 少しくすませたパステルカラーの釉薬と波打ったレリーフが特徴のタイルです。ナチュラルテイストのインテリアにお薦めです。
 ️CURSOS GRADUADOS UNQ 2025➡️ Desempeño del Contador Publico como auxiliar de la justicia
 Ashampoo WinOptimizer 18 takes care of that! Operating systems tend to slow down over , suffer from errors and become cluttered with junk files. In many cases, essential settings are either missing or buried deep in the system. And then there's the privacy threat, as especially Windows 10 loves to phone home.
---
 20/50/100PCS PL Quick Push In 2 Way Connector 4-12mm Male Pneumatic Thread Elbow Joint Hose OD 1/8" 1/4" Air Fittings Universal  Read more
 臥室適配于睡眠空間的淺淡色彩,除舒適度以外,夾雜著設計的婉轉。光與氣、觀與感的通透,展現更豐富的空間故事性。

• Problem details:
All lines in the listing above between the line with "de la justicia" and the line with "Ashampoo WinOptimizer 18", inclusive, should be set down exactly, and no line outside that range.

• Response below:
 ️CURSOS GRADUADOS UNQ 2025➡️ Desempeño del Contador Publico como auxiliar de la justicia
 Ashampoo WinOptimizer 18 takes care of that! Operating systems tend to slow down over , suffer from errors and become cluttered with junk files. In many cases, essential settings are either missing or buried deep in the system. And then there's the privacy threat, as especially Windows 10 loves to phone home.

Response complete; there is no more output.